Yes, there’s a tablet knocking around our house which is used almost exclusively to look up the answers to things that have caused family arguments. The most recent ones I can think of are the name of Martin Luther’s wife, the age SE Hinton is now, and who won the first season of Traitors along with Annoying Hannah.

Nollyroa · 09/11/2025 19:20

Thinking here maybe it's a difference between men and women. I was having a discussion, I wasn't asking for a lecture or to be shown graphs, statistics or videos. I was like "I can't imagine it happening very often"

My husband took it upon himself to "educate me" and I wasn't that invested, to me it was a chat, a discussion, not a learning experience, I didn't want to know the statistics or see the videos. I tried to get away from the lecture as quickly as possible. I hold my hands up that maybe I did overreact, all he was doing was trying to show me how wrong I was!

OP posts:
Prelim · 09/11/2025 19:21

Nollyroa · 09/11/2025 17:03

I suppose my "yeah okay right" answer was trying to stall the oncoming lecture from my husband (who knows everything obvs.) I was attempting to extricate myself and really not listen to him tell me again how wrong I was. At the beginning of the discussion it was a playful sort of "wonder what would happen" and it turned into what felt to me was my husband wanting to tell me and show me how wrong I was to his delight. I don't drive so have no experience of crashing into animals of any kind. It was late and I just wanted to go to bed!

There we go then! If you have no experience of driving then it does sound a bit like you’re doing the female equivalent of mansplaining and then get got annoyed when someone came back with facts. Sounds a bit ‘Trumpian’ - not to let facts get in the way of winning an argument!

Socktree · 09/11/2025 19:22

Sometimes I really miss pre Internet days when you could have an enjoyable debate about a random and bizzare topic and nobody knew the answer so you just carried on with your day after you got bored talking about it

WonderfulUsername · 09/11/2025 19:22

Fuck me yes, way oversensitive.

You were wrong, he whipped his phone out to prove it and instead of watching what he was trying to show you, you threw a sulky tantum.

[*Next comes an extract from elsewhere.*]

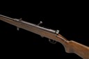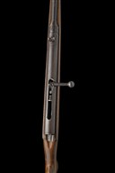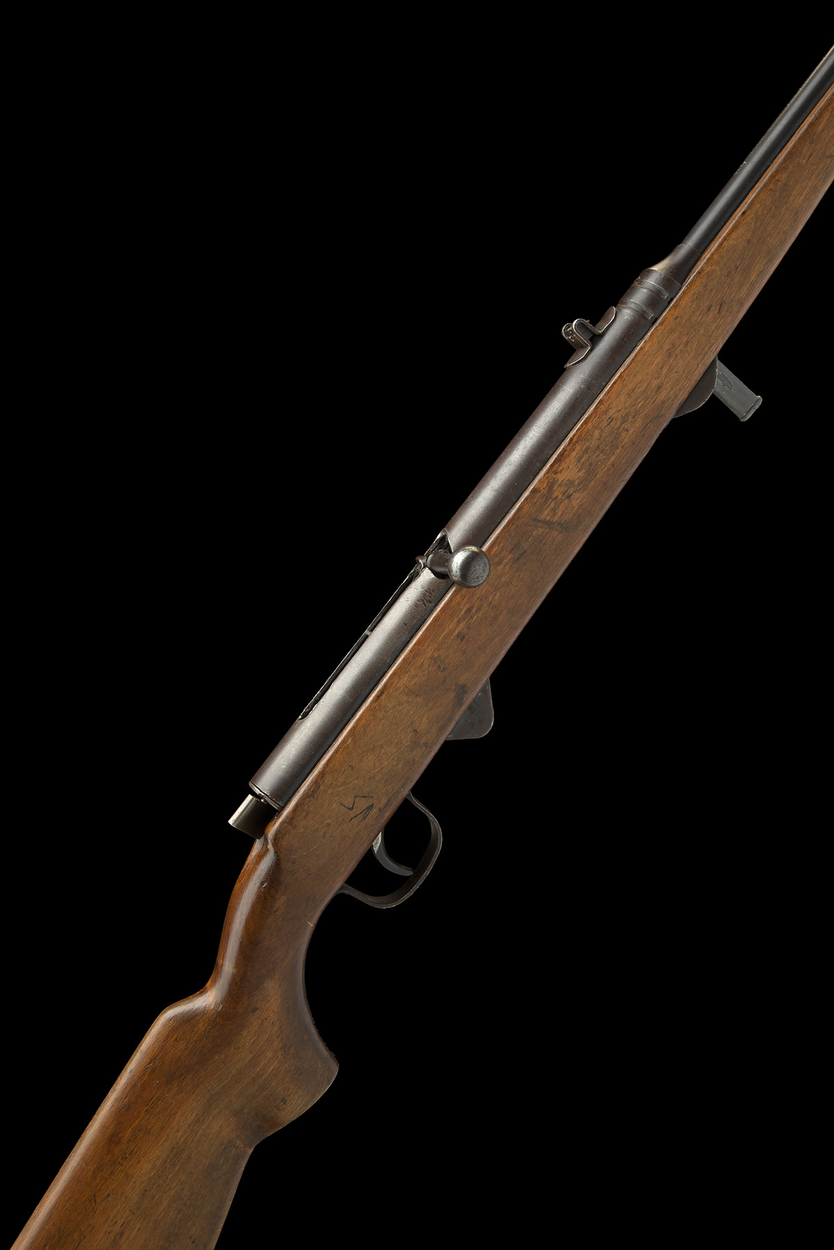 circa 1951, with 16 1/2in. fixed barrel, ramp fore-sight, elevating notch rear-sight to front of receiver, straight bolt-handle running in a central slot to top, flag safe to rear, beech half-stock, aperture for detachable magazine in central underside of fore-end (ten shot magazine included), traces of finish

It's not a big deal. Everyone in the world has been wrong about something 🤷‍♂️

NoSoupForU · 09/11/2025 19:23

Yes you're being over sensitive. It's ridiculous that you've fallen out over a hypothetical deer!

Prelim · 09/11/2025 19:23

Nollyroa · 09/11/2025 19:20

Thinking here maybe it's a difference between men and women. I was having a discussion, I wasn't asking for a lecture or to be shown graphs, statistics or videos. I was like "I can't imagine it happening very often"

My husband took it upon himself to "educate me" and I wasn't that invested, to me it was a chat, a discussion, not a learning experience, I didn't want to know the statistics or see the videos. I tried to get away from the lecture as quickly as possible. I hold my hands up that maybe I did overreact, all he was doing was trying to show me how wrong I was!

Not a man or woman thing. It’s a personality thing. It really annoys me when people say women just go on feelings. Me, and so many others work in STEM and we definitely go on facts, graphs, and stats!!

RecordBreakers · 09/11/2025 19:27

Thinking here maybe it's a difference between men and women.

Hardly.
It is a reasonable assumption that the majority of people posting on MN are women, yet here most of us are, saying YABU, or telling you how we would have reacted. It's not a 'man vs woman' thing at all.

BetterWithPockets · 09/11/2025 19:36

I wouldn’t have wanted a lecture either, OP, nor to be forced to watch a video!